Nie mogę się doczekać następnego sezonu, najbardziej jestem ciekawy co z Simmons. W całym serialu moja ulubiona postać kobieca to Jemma, a postać faceta to Hunter.
Fanowska teoria, mało prawdopodobna, mówi o tym, że ten wielki kamień to symbiont Venoma, ale to bardzo mało prawdopodobne :)
Ward jest świetny, jak w pierszym sezonie był standardowym agentem-przystojniaczkiem, tak tutaj jest wprost genialny jako villain, jedna z moich ulubionych postaci i mam nadzieję, że zreformuje HYDRE. a sam stanie się - jak mówią plotki - Taskmasterem :)

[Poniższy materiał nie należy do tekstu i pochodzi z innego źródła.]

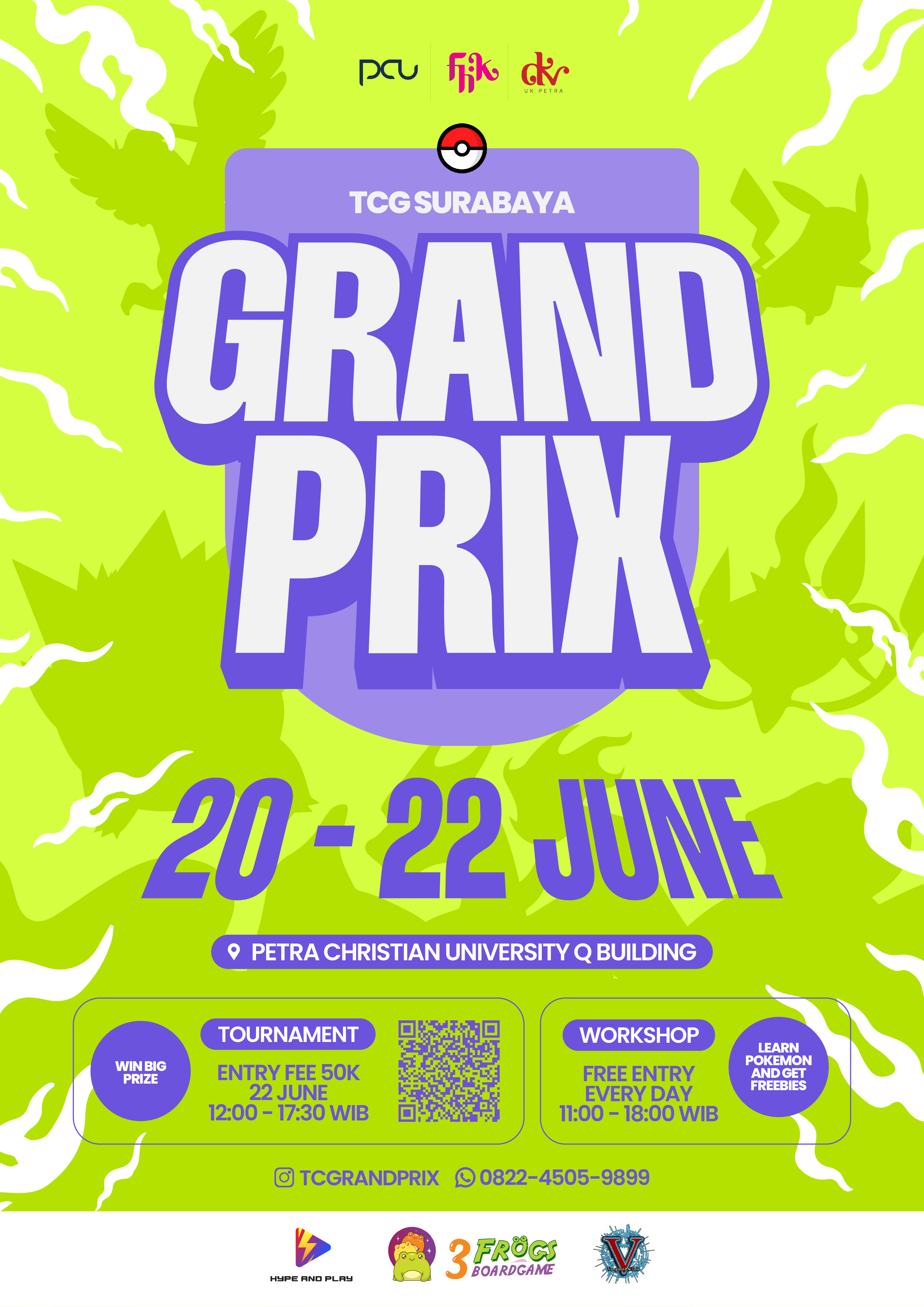 Tournament Pokemon TCG Surabaya Grand Prix diselenggarakan oleh HimaVistra UK Petra Surabaya, Pada Sabtu 22 Juni 2024, di UK Petra gedung Q
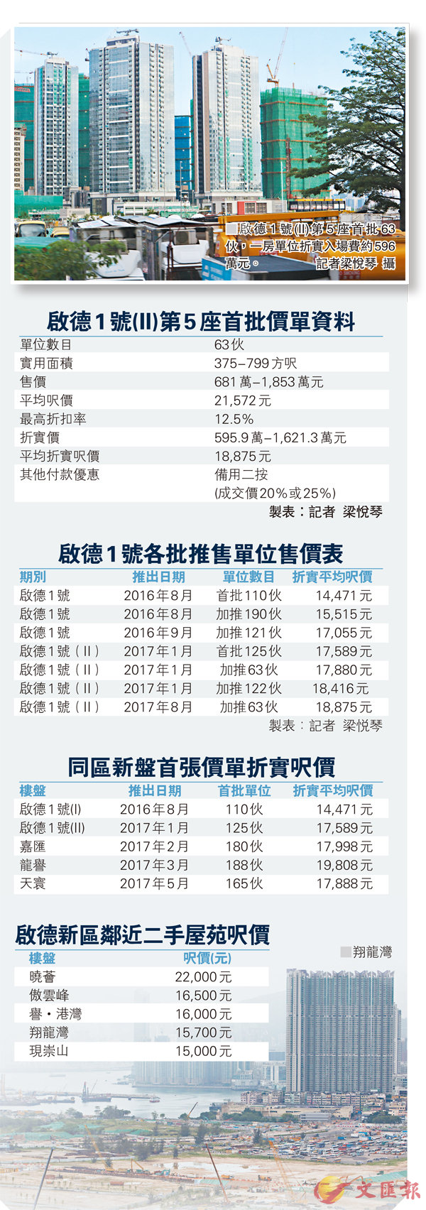 啟德1號折實均呎價18875元訊(記者 梁悅琴)面對區內持續有新盤推售,為求去貨,已屆現樓的啟德「港人港地」項目啟德1號(II)第5座首批63伙昨日克制開價,平均呎價21,572元,最高折扣率12.5%,平均折實呎價18,875元,...
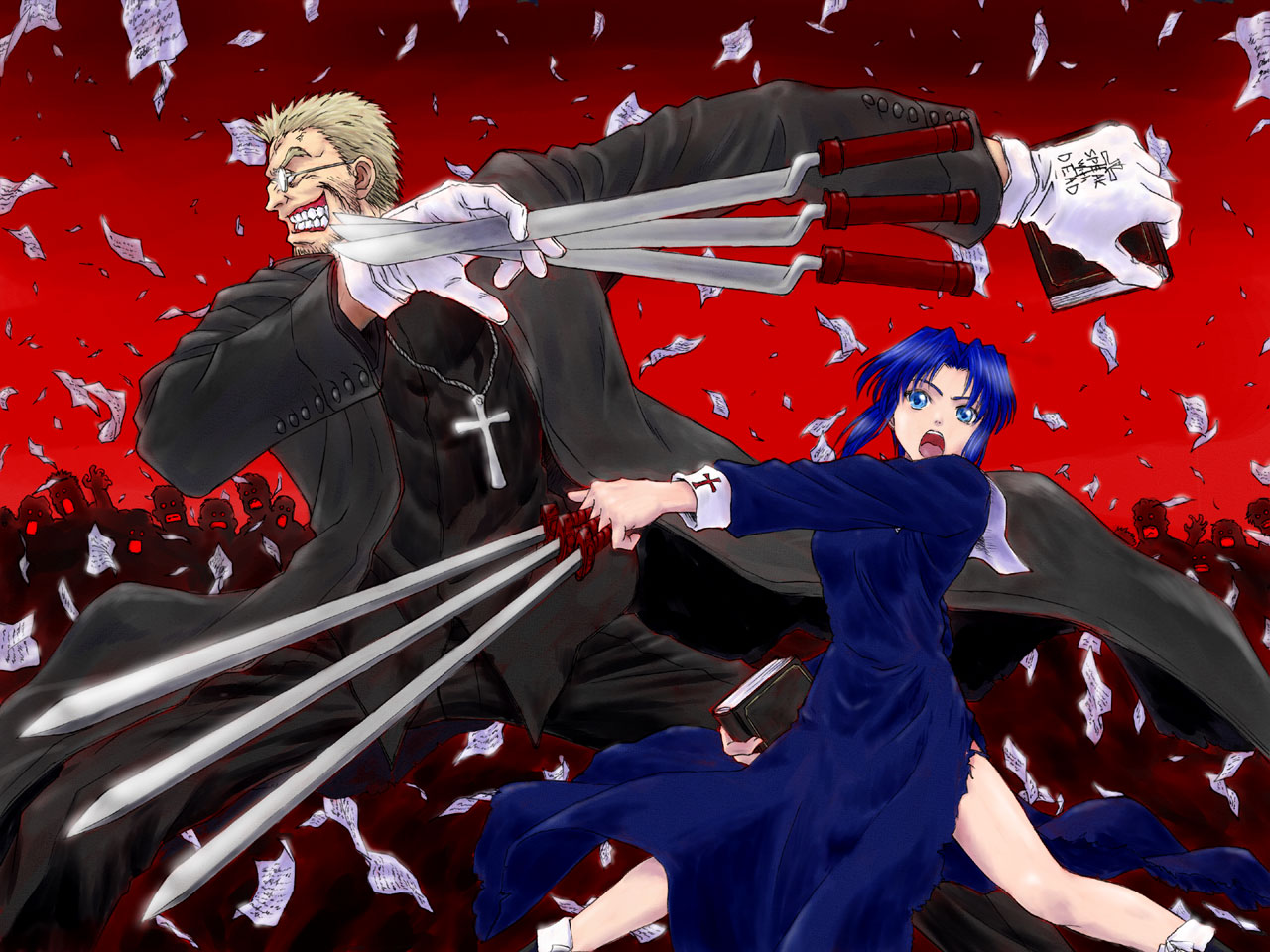 Description: A couple of anime characters fighting over a red background with a cross on it's chest and two swords in their hands.

Teoria Venoma wydaje mi się słaba.
Słyszałem też inną (nieco bardziej prawdopodobną moim zdaniem, choć i tak nie sądzę aby okazała się prawdziwa):
Ten kamień to może być kamień grawitacyjny zaprojektowany przez Kree, który w komiksach został zaabsorbowany przez Karlę Sofen, która w ten sposób została Moonstone.
Z Marvel Wikii:
"Karla's powers are the result of her fusion with a gravity stone designed by the alien Kree. After being absorbed into her body, the stone took on the form of energy that permeates her nervous system. Karla once acquired a second gravity stone, increasing her powers to new limits. However, she currently only possesses one stone and her abilities have reverted to their old levels. If the stone is removed from her body, Karla will die in 72 hours without its support. "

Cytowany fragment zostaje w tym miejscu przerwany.